*WORK REQUIRED*.
The response must consist of the lines below from the one with "之后我们返回申请测试资格地址,点击确认账号绑定状态" through the one with "If you’re craving", exactly as they appear and with both ends kept.
[Start of Attachment]
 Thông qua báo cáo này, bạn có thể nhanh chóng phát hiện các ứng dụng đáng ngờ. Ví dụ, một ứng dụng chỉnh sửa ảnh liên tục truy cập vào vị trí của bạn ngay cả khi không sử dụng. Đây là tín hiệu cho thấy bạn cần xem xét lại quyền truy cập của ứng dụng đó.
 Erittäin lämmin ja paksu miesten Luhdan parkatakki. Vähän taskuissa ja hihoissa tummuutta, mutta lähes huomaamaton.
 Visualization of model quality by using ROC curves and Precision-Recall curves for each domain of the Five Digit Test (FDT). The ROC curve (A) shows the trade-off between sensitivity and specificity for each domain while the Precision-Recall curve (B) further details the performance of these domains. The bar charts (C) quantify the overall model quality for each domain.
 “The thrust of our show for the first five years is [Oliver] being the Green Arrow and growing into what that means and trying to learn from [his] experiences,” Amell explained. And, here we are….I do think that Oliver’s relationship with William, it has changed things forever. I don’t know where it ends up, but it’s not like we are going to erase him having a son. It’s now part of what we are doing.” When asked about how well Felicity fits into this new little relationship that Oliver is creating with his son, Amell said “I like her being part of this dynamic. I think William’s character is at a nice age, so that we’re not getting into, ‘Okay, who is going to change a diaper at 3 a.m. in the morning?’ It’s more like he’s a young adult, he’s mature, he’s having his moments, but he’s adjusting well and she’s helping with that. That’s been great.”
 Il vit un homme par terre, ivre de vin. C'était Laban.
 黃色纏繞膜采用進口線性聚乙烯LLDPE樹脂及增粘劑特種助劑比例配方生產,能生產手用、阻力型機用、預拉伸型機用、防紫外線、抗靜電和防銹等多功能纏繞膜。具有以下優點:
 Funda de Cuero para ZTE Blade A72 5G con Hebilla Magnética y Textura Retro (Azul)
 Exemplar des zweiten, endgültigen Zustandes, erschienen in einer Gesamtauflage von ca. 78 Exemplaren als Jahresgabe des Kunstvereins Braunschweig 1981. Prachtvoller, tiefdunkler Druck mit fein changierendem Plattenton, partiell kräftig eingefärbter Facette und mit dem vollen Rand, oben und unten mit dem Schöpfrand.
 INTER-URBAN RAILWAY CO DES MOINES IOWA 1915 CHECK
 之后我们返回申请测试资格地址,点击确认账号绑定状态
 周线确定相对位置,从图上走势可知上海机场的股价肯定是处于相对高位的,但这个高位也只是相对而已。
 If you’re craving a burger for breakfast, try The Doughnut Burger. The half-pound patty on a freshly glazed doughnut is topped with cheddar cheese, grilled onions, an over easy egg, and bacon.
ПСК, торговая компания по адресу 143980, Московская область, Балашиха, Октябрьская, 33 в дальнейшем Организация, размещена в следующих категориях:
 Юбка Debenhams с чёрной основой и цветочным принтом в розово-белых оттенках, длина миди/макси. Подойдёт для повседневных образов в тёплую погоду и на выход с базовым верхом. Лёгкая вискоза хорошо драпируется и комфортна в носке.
[End of Attachment]
*RESPONSE AREA*.
 之后我们返回申请测试资格地址,点击确认账号绑定状态
 周线确定相对位置,从图上走势可知上海机场的股价肯定是处于相对高位的,但这个高位也只是相对而已。
 If you’re craving a burger for breakfast, try The Doughnut Burger. The half-pound patty on a freshly glazed doughnut is topped with cheddar cheese, grilled onions, an over easy egg, and bacon.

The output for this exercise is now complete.